Collected data:
+--
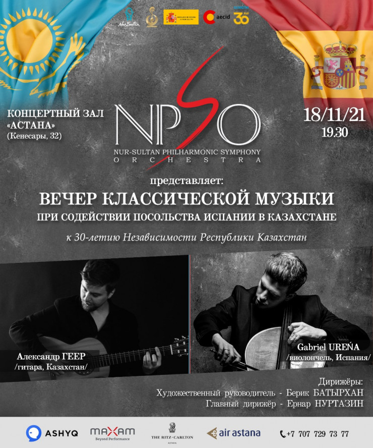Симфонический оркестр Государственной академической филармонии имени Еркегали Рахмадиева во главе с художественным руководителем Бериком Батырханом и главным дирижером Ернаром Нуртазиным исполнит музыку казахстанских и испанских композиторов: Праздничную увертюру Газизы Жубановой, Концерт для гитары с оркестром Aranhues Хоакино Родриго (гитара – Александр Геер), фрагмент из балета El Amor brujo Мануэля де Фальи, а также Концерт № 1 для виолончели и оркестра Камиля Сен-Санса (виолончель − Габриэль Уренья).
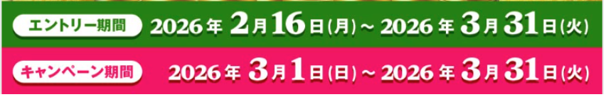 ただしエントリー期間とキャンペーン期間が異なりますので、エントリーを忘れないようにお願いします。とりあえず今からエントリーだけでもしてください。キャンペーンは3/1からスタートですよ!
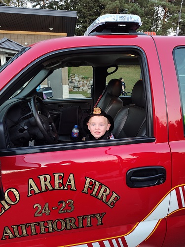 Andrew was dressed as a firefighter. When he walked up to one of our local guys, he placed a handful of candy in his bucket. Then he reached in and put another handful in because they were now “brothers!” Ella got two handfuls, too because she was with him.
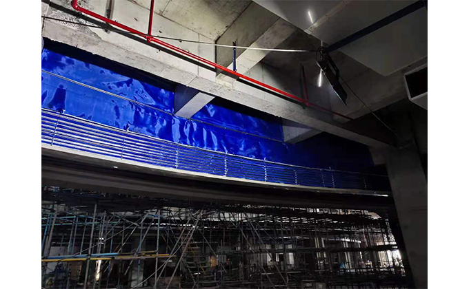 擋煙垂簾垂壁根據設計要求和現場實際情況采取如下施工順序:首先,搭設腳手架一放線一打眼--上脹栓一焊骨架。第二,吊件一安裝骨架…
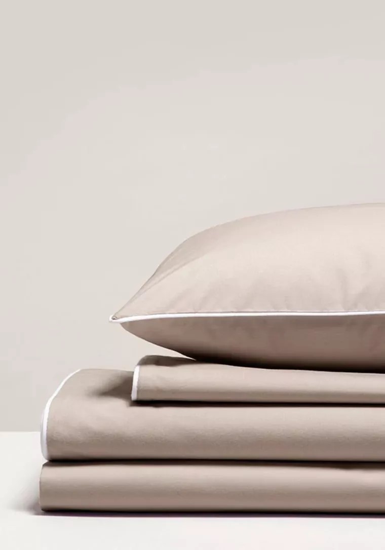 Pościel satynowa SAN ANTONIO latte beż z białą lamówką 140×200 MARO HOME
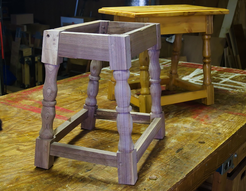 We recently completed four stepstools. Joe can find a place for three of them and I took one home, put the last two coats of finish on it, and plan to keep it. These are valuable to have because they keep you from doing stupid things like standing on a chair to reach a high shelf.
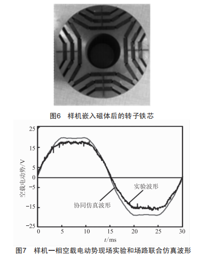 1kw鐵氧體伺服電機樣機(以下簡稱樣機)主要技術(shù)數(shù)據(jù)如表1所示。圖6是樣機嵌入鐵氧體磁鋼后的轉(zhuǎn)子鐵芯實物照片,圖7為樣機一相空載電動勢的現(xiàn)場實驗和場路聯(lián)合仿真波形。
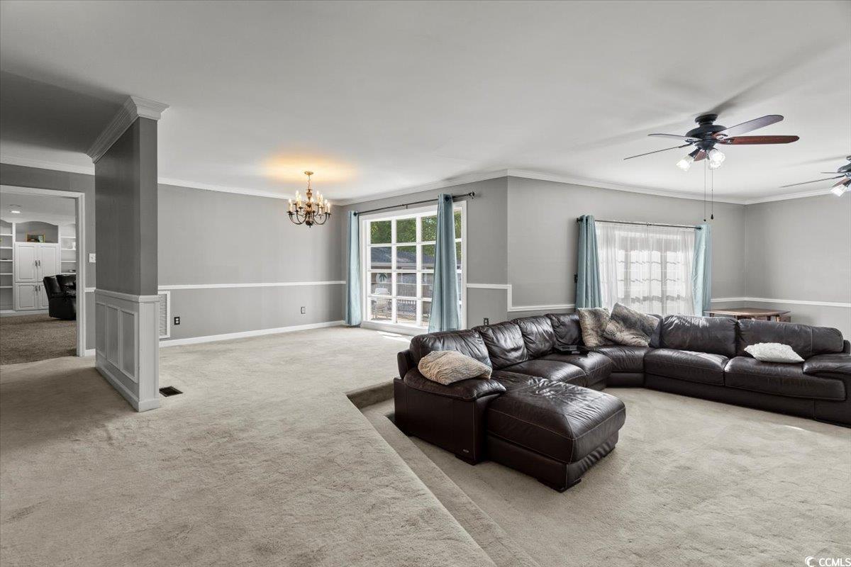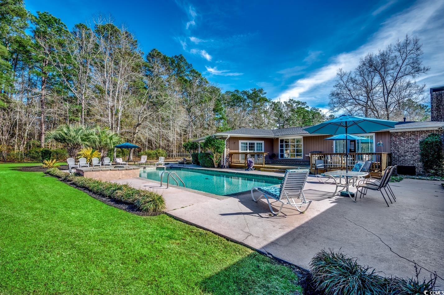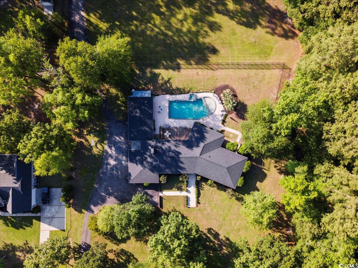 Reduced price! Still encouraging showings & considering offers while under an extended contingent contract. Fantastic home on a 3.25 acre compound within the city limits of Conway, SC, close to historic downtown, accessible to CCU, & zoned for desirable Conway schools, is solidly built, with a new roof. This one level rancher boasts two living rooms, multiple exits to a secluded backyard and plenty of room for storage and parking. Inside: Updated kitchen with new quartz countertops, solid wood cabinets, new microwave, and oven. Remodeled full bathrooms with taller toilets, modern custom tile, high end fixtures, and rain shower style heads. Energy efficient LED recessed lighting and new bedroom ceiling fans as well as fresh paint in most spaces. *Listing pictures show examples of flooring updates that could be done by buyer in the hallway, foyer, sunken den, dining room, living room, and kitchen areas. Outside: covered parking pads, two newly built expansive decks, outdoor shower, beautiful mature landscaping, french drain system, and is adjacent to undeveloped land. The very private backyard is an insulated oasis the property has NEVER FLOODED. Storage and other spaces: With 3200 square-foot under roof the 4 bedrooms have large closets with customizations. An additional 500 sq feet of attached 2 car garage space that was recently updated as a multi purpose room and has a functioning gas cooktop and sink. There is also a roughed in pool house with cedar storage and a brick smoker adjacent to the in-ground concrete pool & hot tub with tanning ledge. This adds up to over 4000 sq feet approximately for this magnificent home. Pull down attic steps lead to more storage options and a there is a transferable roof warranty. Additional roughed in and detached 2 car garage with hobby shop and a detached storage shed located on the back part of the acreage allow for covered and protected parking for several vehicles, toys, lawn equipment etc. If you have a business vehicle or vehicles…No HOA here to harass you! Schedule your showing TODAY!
+--
Return only the stretch above from the line containing "擋煙垂簾垂壁根據設計要求和現" through the line containing "1kw鐵氧體伺服電機樣機(以", word for word and without pictures.

 擋煙垂簾垂壁根據設計要求和現場實際情況采取如下施工順序:首先,搭設腳手架一放線一打眼--上脹栓一焊骨架。第二,吊件一安裝骨架…
 Pościel satynowa SAN ANTONIO latte beż z białą lamówką 140×200 MARO HOME
 We recently completed four stepstools. Joe can find a place for three of them and I took one home, put the last two coats of finish on it, and plan to keep it. These are valuable to have because they keep you from doing stupid things like standing on a chair to reach a high shelf.
 1kw鐵氧體伺服電機樣機(以下簡稱樣機)主要技術(shù)數(shù)據(jù)如表1所示。圖6是樣機嵌入鐵氧體磁鋼后的轉(zhuǎn)子鐵芯實物照片,圖7為樣機一相空載電動勢的現(xiàn)場實驗和場路聯(lián)合仿真波形。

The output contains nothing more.